La ética y la estética en el Legislativo
Rafael Cardona
No es propósito de esta columna defender a nadie. Tampoco escribir en contra de quienes, con su afanoso trabajo, su infinita dedicación y los sacrificios incontables del servicio patriótico, colman la vida nacional con leyes de infinita sabiduría jurídica –por ejemplo, el veto constitucional a los vapeadores– cuyo cumplimiento nos hará nación sin paralelo en este mundo y quizá en otros cuya lejanía nos impide conocerlos.
Pero nadie, ni siquiera los opositores tercos como las mulas o los mulos, podría descalificar la enorme aportación del trabajo legislativo cuyos señores diputados –verdaderos padres conscriptos de la Nación– o los senadores de alta sabiduría y buenas maneras (ahí tenemos al insigne Gerardo Fernández Noroña, digno heredero del lustre de Belisario Domínguez, pero con la lengua un tanto más larga–, colman la patria de orgullo en especial por su probada independencia de criterio y su meticulosa labor de obra legislativa.

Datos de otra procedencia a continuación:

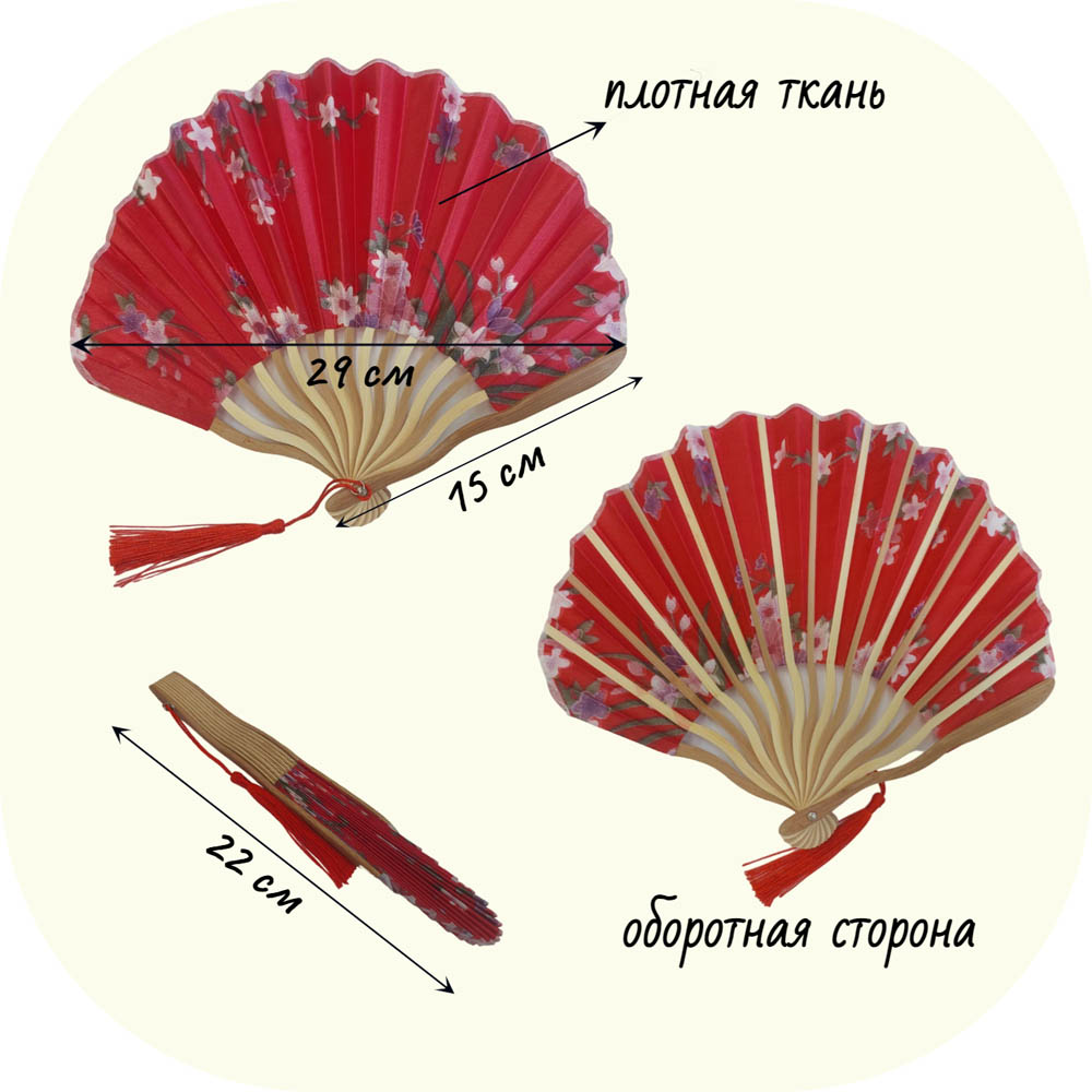 Веера тканевые с цветочным узором круглые 29х15см

Si analizamos el comportamiento de los senadores y su acrisolada honestidad cuyos fulgores podrían iluminar la noche más oscura –ahí tiene usted a don Adán Augusto– quedamos todos satisfechos y hasta orgullosos de tener una clase política con las características morales del actual Congreso de la Unión, cuya diversa composición tiene la ventaja universal de ser tan paritaria como la equidad justiciera, pues hay tantas senadoras cuya estirpe republicana y conocimientos jurídicos esplenden como para en verdad sentirse ufanos y contentos por estar representados y conducidos en los campos de la ley por tan dignas personas.
Por eso me ha parecido injusto el caudal de críticas y hasta censuras emitido contra la sala de belleza en el edificio del Senado, para uso de los esforzados legisladores quienes hallan ahí a pulquérrimos rapabarbas, barberos o alfajemes, a más de esteticistas y rapistas descendientes de antiguos flebotomistas.
También me parece injusta la maledicencia porque si en San Lázaro funciona desde tiempos inaugurales una peluquería con servicio complementario de arreglos diversos; uñas, pestañas, tintes, peinados y demás para los dignos oficios de los antiguos tonsores (por aquello de la tonsura)lejos de aquellos establecidos en casas o galpones cuyo poste tricolor anunciaba sangrías y labor de tiradientes, no habría razón para privar del servicio a los senadores y senadoras (especialmente a estas, como ya vimos en la foto de Juanita, la más bonita), porque no nada más deben ser sino parecer y estas señoras, señoritas y demás, no deben únicamente cumplir sus trabajos con ética sino también con estética, la cual –en algunos casos–, les falta en demasía, señalamiento este aplicable también a los señores ahí instalados en cómodos escaños.
ESTADÍSTICA
Y así como la ética puede completarse con la estética; la lógica termina derrotada por la estadística. Este párrafo de nuestra señora presidenta con “A” es un monumento.
–¿A qué? Usted lo dirá mejor.
“Voy a repetirlo (dijo la presidenta):42 por ciento de reducción en homicidio doloso, de septiembre de 2024 a enero de 2026; eso significa 36 homicidios diarios menos de los que se cometieron en septiembre.
“Hay 36 homicidios diarios menos, 36 personas pierden… o DEJARON DE PERDER LA VIDA —vamos a ponerlo así— diariamente en México, entre septiembre de 2024 y enero del 2026; además de la reducción en otros delitos”.
“La única pregunta es: ¿cómo puede alguien DEJAR DE PERDER la vida? ¿Cuántas veces se puede?
–¿Usted está vivo o está muerto?, le preguntan a un imaginario personaje como si fuera el gato de la paradoja de Schrödinger.
–No, dice, ni estoy vivo ni estoy muerto, simplemente dejé de perder la vida.
En el absurdo de las estadísticas si hay un 36 por ciento menos de algo, quiere decir también que hay un 64 por ciento aún vigente. Si antes asesinaban a 100 y ahora nada más a sesenta y cuatro, vivimos un infierno de homicidios con 23 mil 360 cadáveres tirados por las calles en un año.